According to Fig 4c, the empirical testing results show calculated and measured frequencies under various environmental conditions, with small variations observed. In a controlled environment (25°C, 50% RH), the frequency varied by +3 Hz (calculated 110 Hz, measured 113 Hz). During the high-temperature test (40°C, 70% RH), a + 5 Hz variation was noted (calculated 165 Hz, measured 170 Hz). The low humidity test (15°C, 20% RH) showed minimal variation at +1 Hz (calculated 220 Hz, measured 221 Hz), while dynamic performance tests under fluctuating temperature and humidity conditions resulted in a + 5 Hz variation (calculated 160 Hz, measured 165 Hz). These results demonstrate slight but consistent frequency shifts under varying environmental conditions.
Neuro-Fuzzy Inference System (NFIS)
In Fig 5, we see the fuzzification of input variables (Voltage, Temperature, and Humidity) and the output adjustment for the Neuro-Fuzzy Inference System (NFIS). Fig 5 (a) represents the Temperature membership functions, where “Low,” “Medium,” and “High” categories cover ranges from 10°C to 40°C, with a peak membership around 15°C, 25°C, and 35°C respectively. Fig 5 (b) shows the Voltage membership functions with similar “Low,” “Medium,” and “High” categories, capturing voltages between 0.1 V and 5 V, with peak memberships centred around 0.5 V, 2.5 V, and 4.5 V. Fig 5 (c) illustrates the Humidity membership functions, where the ranges span from 20% to 90% relative humidity, and peaks are centred at 30%, 50%, and 80% for “Low,” “Medium,” and “High” memberships. Lastly, Fig 5 (d) presents the Output Adjustment membership functions, where the system can choose between “Decrease,” “No Change,” and “Increase” adjustments based on input conditions, helping fine-tune the tension by slight adjustments within ±1 N. These membership functions enable the NFIS to interpret continuous sensor data in linguistic terms for precise tuning adjustments.

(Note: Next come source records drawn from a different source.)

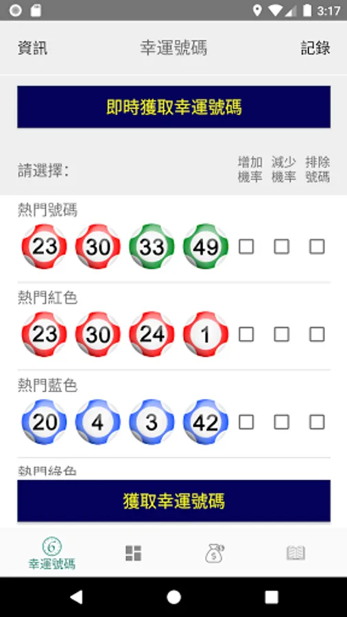 7. Save each group of lucky numbers and check them at any time
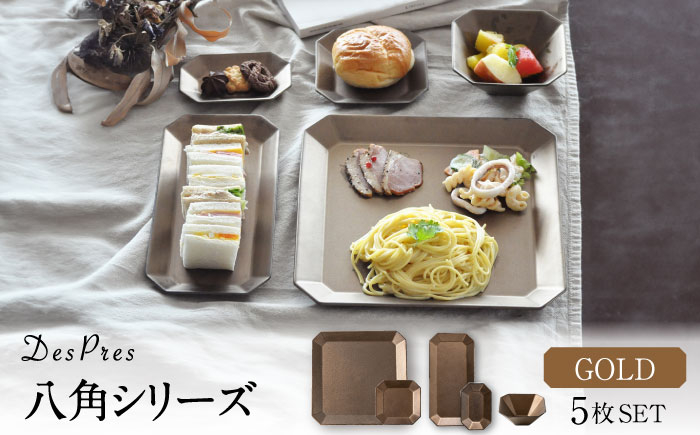 食卓をワンランクオシャレに 【美濃焼】DesPres-デプレ- 八角シリーズ GOLD 5点セット【丸新製陶】 [MAM015]
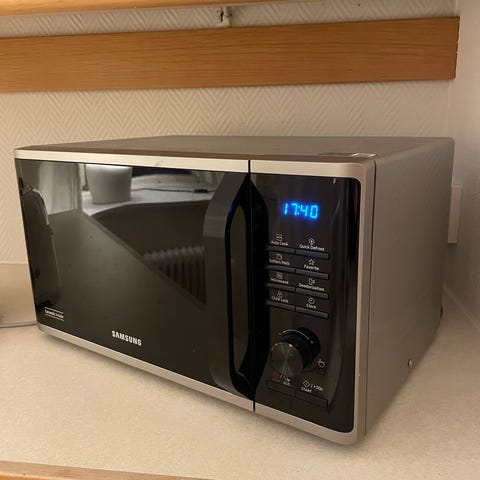 Samsung GE87MC mikrovågsugn i stålutförande.
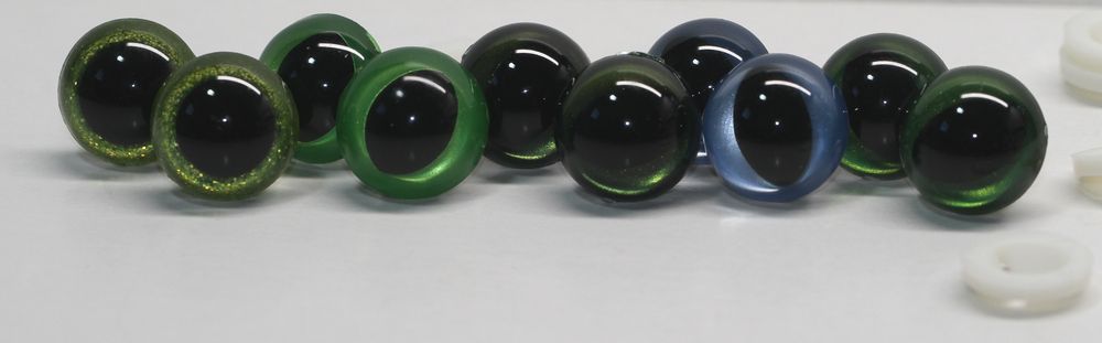 In der Lieferung enthalten sind auch immer die Sicherheitsscheiben, wie auf dem Foto zu sehen. Super zum Basteln von eigenen Teddys, Puppen oder Kuscheltieren.
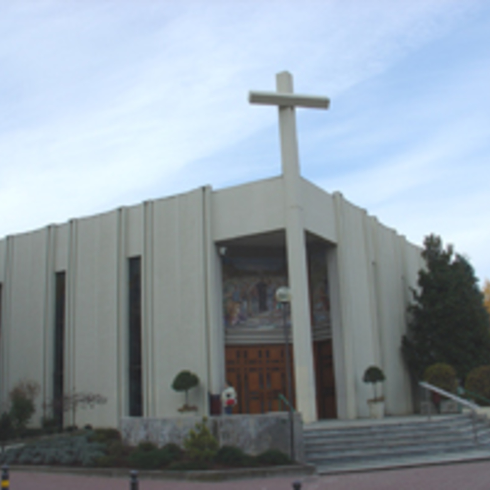 La sfida di trasformare un grande capannone prefabbricato in un luogo di celebrazione ecclesiale ha preso forma in modo più vistoso, non solo per l'imporsi all'interno dell'area presbiteriale, a più ancora per la presenza delle dodici vetrate disegnate con le figure degli Apostoli, che hanno conferito al grande cubo dell'edificio un richiamo emblematico alla Gerusalemme celeste. L'effetto di questa festosa città santa in cui si raduna il popolo dei salvati è più evidente dall'interno, nei momenti luminosi, con la convergenza dello sguardo verso il grande Crocifisso sul candore del presbiterio.
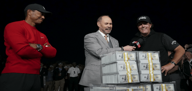 A Woods vs. Phil Mickelson (above right) match play event in November was chocked with sports betting references and data, in keeping with a sport that involved gambling from the outset. It remains to be seen how niche sports embrace and utilize the gambling industry as a way to launch themselves into an upper echelon occupied by Major League Baseball, National Football League, National Basketball Association and National Hockey League, especially if the Deloitte analysis proves correct.

Actuation mechanism and environmental compensation model
In Fig 6a, the PID control error data analysis reveals an initial tension overshoot and subsequent stabilisation. Starting with a 5.0 N error at 0.0 seconds (target 50.0 N, achieved 45.0 N), the system quickly corrects, reducing the error to -2.0 N at 0.1 seconds and refining to minimal deviations. By 0.5 seconds, the achieved tension matches the target exactly, and minor fluctuations near zero error persist, indicating the PID control effectively stabilises around the target tension with precise corrections over time. In Fig 6b, error responses under baseline, high-gain, and disturbance-added tuning show that while baseline tuning achieves steady convergence, high-gain tuning accelerates error reduction but is more susceptible to overshoot. The disturbance-added curve reveals the system’s resilience, with only temporary spikes in error. Fig 6c demonstrates that with environmental compensation, the error trajectory remains well-controlled even under fluctuating inputs. Lastly, Fig 6d shows the system’s ability to maintain target tension over time, with only a brief overshoot corrected within seconds, highlighting the reliability of the compensation model in managing environmental and mechanical disturbances.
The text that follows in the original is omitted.